Si là tout de suite je vous demande : “où voulez-vous être dans 5 ans ?” Saurez-vous me répondre spontanément ? Vous avez peut-être une vague idée, ou bien l’un ou l’autre grand “rêve”. Mais serez-vous vraiment capable de me décrire, dans tous ses aspects, la vie idéale que vous souhaiteriez avoir dans 5 ans ? Si comme moi, vous éprouvez une petite (ou même grande) gêne devant cette question, ce défi est fait pour vous.

Ne serait-il pas plus agréable d’avancer dans la vie en sachant vraiment ce que vous en attendez, ce à côté de quoi vous ne voulez pas passer, quelles sont vos vraies priorités ?

Alors prenez le temps de réfléchir vraiment à cette question et visualisez en détail la vie que vous voudriez avoir dans 5 ans.
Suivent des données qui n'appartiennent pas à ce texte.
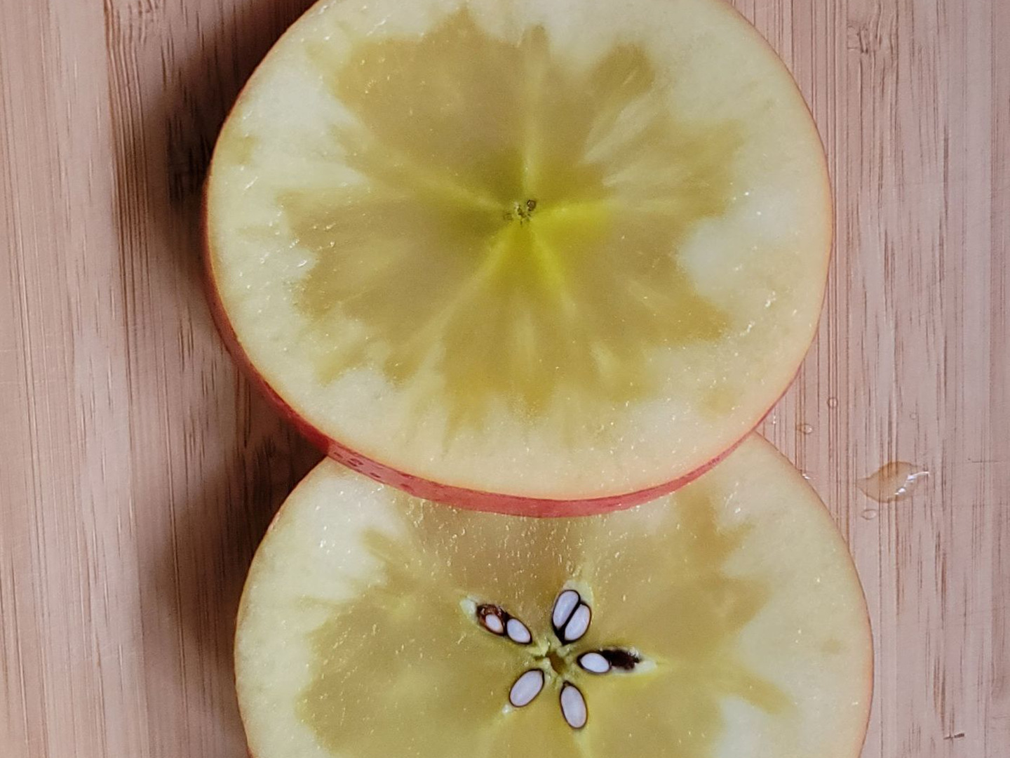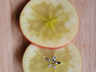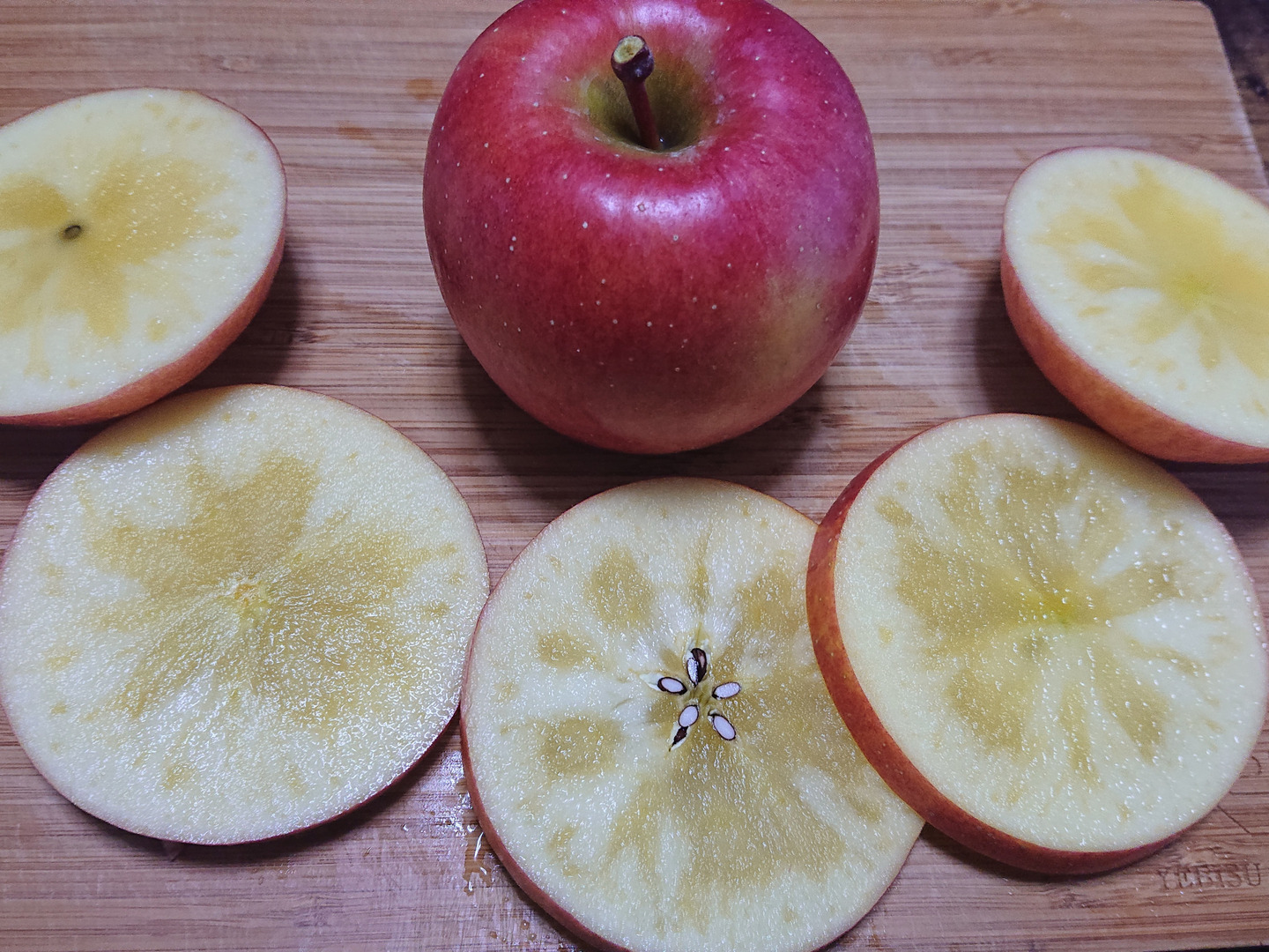 輪切りにすると蜜入りが特徴的な品種です!良くわかります❗皮の方まで蜜入りしているので、光を下からかざすとりんごがひかります✨️
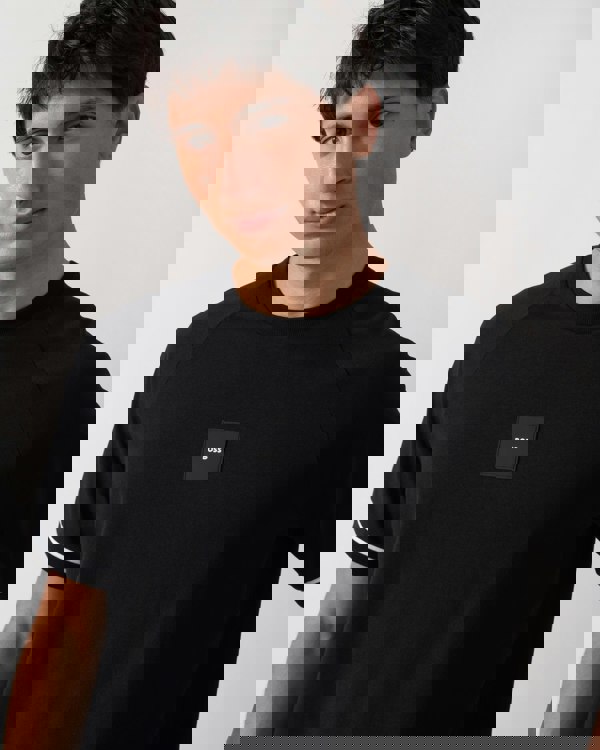 With a soft and flexible feel, this BOSS Menswear T-shirt is ideal on casual days. Stripes on the cuffs and a centred logo badge.95% Cotton, 5% Elastane

Et ne vous contentez pas d’en rêver, écrivez-le noir sur blanc, avec tous les détails que vous pourrez !

Je sais, l’exercice n’est pas simple. Alors laissez-moi vous suggérer une méthode :

  • prenez une feuille de papier ou un petit carnet que vous allez laisser bien en évidence, à un endroit où vous passez souvent. Si cela peut vous aider, inscrivez dessus, en grosses lettres : “DANS CINQ ANS…” ;
  • chaque fois qu’une idée vous viendra cette semaine à ce sujet, notez-la sur votre feuille ou dans votre carnet. Ne censurez rien. Laissez sortir ce qui remonte en vous ;
  • tous les jours, trouvez quelques minutes pour vous isoler, fermer les yeux et penser à votre vie dans 5 ans; endormez-vous en pensant à cette question. Là aussi, laissez venir toutes les images, toutes les sensations, puis notez-les ;
  • à la fin de la semaine, relisez tout ce que vous avez noté “en vrac” et cette fois, comme à l’école lorsqu’on vous demandait d’écrire une rédaction, racontez cette belle histoire, votre vie dans 5 ans, décrivez-la en détail, prenez-y du plaisir, autorisez-vous le succès et l’abondance, pointez sur ce qui vous est indispensable, ceux qui vous sont indispensables, dans ce tableau que vous êtes en train de peindre ;
  • Ce petit texte (allez, 10 lignes au minimum, ce n’est rien 10 lignes, même si vous écrivez petit), ce sera le marqueur d’un défi relevé.

Lorsque votre “rédaction” sera terminée, surtout gardez la précieusement et relisez-là souvent. Car ce que vous aurez fait là, en réalité, c’est déjà le premier pas vers cette vie dont vous rêvez. À partir de là, vous pourrez vous fixer des objectifs précis et concrets, à court et moyen terme, prendre des décisions éclairées, apprendre à dire non à ce qui n’a pas sa place dans votre tableau….. Mais tout ça, c’est une autre histoire et nous y reviendrons bien sûr, dans d’autres défis.